Odd quantities increase mistakes. Mistakes create returns, claims, and wasted labor. That said: sometimes MPQ is also used as a quiet way to push buyers into larger, easier orders. Not always, but it happens.

A Realistic Example (socks)

Examples make MPQ feel practical instead of confusing. If MPQ is 10 pairs of socks, you can order 500, 510, or 520 pairs, because those follow the multiple. But 507 is invalid, even if the difference seems small. This is where buyers get caught if they build a size or color breakdown that doesn’t match MPQ. Using examples during planning prevents rejected POs and last-minute changes. It turns MPQ into simple math you can control.

Let’s say:

  • Product: socks
  • MPQ = 10 pairs

Valid orders:

  • 500, 510, 520, 530…

Invalid orders:

  • 507, 513, 528 (anything not divisible by 10)

Now the tricky part: what does “10” apply to?

It could mean:

  • 10 per color
  • 10 per size
  • 10 per SKU
  • 10 total across all variants

These are not the same thing. If you assume wrong, your size breakdown can get wrecked.

The Biggest MPQ trap: “Per what?”

The biggest MPQ problem is not the number it’s what the number applies to. MPQ might apply per size, per color, per SKU, or to the total order, and each option changes your breakdown. If MPQ is per SKU, every SKU must follow the multiple, which can force you to adjust ratios. Many disputes happen because buyers assume “total,” while suppliers mean “per SKU.” One question solves it: “Is MPQ per size, per color, per SKU, or total?”
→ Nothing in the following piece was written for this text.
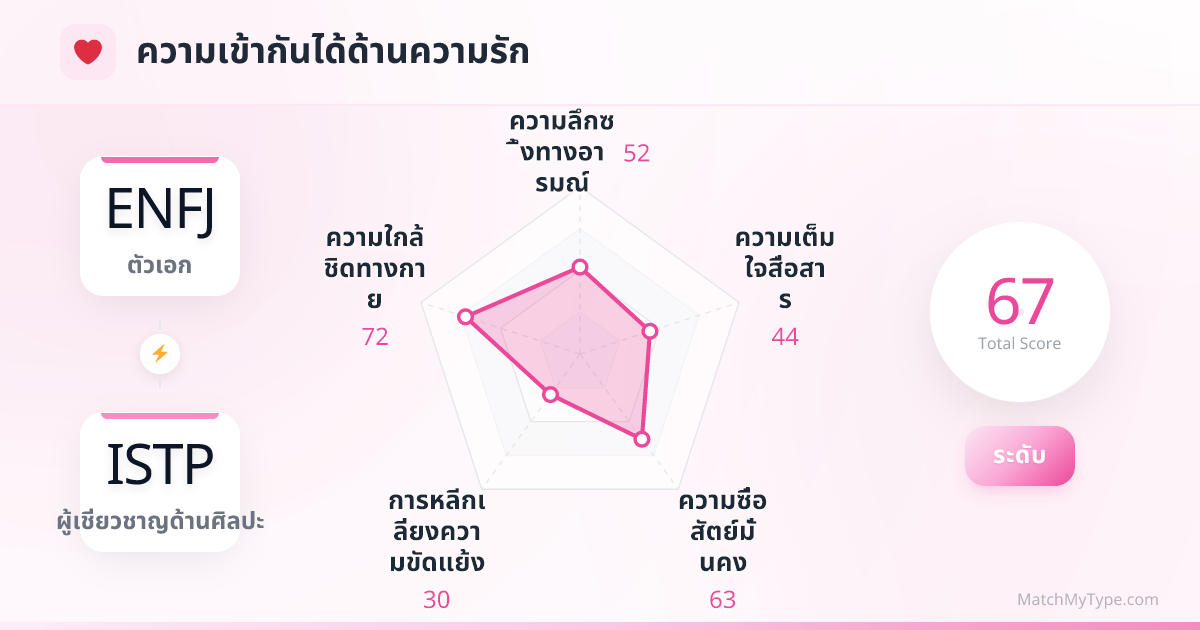 - 1**การข่มขู่ทางอารมณ์ของ ENFJ**: อย่าพูดกับ ISTP ว่า 'ถ้าคุณรักฉัน คุณควรจะ...' เพราะในตรรกะของ ISTP สิ่งนี้ใช้ไม่ได้ผลและน่ารำคาญ

This is where buyers get burned. If MPQ is per SKU, then each SKU must follow the multiple.

Example:

  • MPQ = 10
  • You order 100 total pairs across 5 SKUs

That sounds fine… until you learn each SKU must be in tens. Now you may need to change the breakdown.

So your best buyer question is exactly this:

  • “MPQ is per size, per color, per SKU, or total?”

If the supplier can’t answer clearly, that’s a red flag. It means their system is running on vibes, not rules.

How MPQ Appears on Quotes:

MPQ may be shown as:

  • MPQ: 10
  • Min pack: 10
  • Order multiple: 10
  • Inner pack: 10 (sometimes this is basically MPQ)

If you see MPQ but no context, assume nothing. Ask what it applies to and whether it’s strict.

Practical tips to use MPQ without headaches

  • Build your size and color plan using MPQ from day one.
  • Round smart: if you must add units, add them to your best sellers.
  • Get the rule in writing (email, PO notes, or quote terms).
  • If MPQ blocks your plan, ask for alternatives:
    1. different inner pack
    2. mixed inner pack
    3. a repack service (often costs extra)

If a supplier refuses any flexibility and can’t explain why, it may not be “industry standard.” It may just be their convenience. You can price-compare with another supplier.

Conclusion / Final Words

MPQ (Minimum Pack Quantity) is the smallest ordering multiple allowed. It means your order must follow a valid step size like 10, 12, 24, 50, often based on inner bundles and warehouse handling. The most important thing is not the number. It’s the scope: MPQ per size, per color, per SKU, or total? Confirm that one detail, and MPQ becomes easy. Ignore it, and your order plan turns into a math problem with hidden rules. If you want, paste your MOQ + SPQ sections too and I’ll help you write a single “MOQ vs MPQ vs SPQ” comparison that buyers can understand in 30 seconds.